TASK DIRECTIONS = Only the lines below from the one that holds "除了当前值修改这个有力的调试" through the one that holds "- VIN : 1FTFW1RG7SFC15163" should appear in the answer, copied exactly, end lines included and pictures omitted.

INPUT MATERIAL =

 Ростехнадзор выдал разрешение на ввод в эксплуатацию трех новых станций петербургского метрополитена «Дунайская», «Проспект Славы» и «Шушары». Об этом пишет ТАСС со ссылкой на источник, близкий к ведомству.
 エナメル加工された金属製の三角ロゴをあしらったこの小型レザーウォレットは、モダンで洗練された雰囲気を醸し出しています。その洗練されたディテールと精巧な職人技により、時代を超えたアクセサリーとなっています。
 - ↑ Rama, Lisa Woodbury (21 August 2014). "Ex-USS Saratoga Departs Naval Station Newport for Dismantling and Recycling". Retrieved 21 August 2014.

* * *

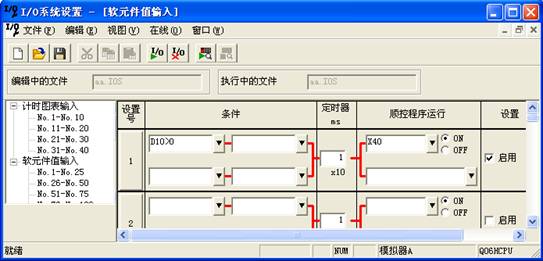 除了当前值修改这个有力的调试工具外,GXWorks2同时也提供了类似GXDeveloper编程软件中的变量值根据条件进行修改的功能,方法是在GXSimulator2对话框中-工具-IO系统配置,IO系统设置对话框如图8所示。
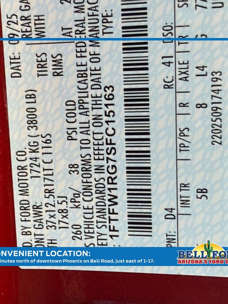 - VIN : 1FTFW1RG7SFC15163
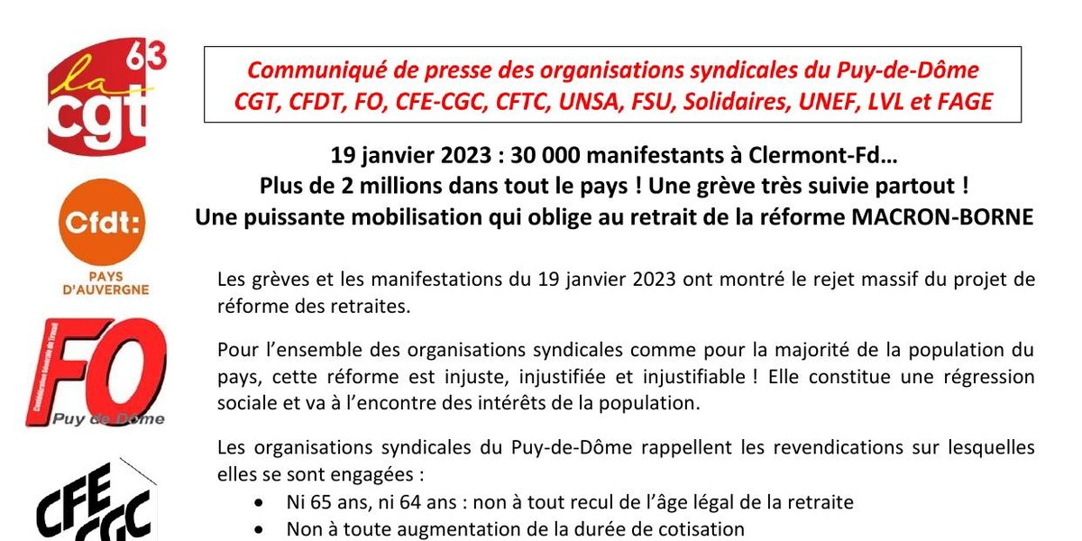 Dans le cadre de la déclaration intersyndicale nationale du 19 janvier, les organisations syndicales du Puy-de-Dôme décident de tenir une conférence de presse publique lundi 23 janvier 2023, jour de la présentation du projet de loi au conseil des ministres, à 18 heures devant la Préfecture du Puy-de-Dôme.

SOLUTION BELOW =
 除了当前值修改这个有力的调试工具外,GXWorks2同时也提供了类似GXDeveloper编程软件中的变量值根据条件进行修改的功能,方法是在GXSimulator2对话框中-工具-IO系统配置,IO系统设置对话框如图8所示。
 - VIN : 1FTFW1RG7SFC15163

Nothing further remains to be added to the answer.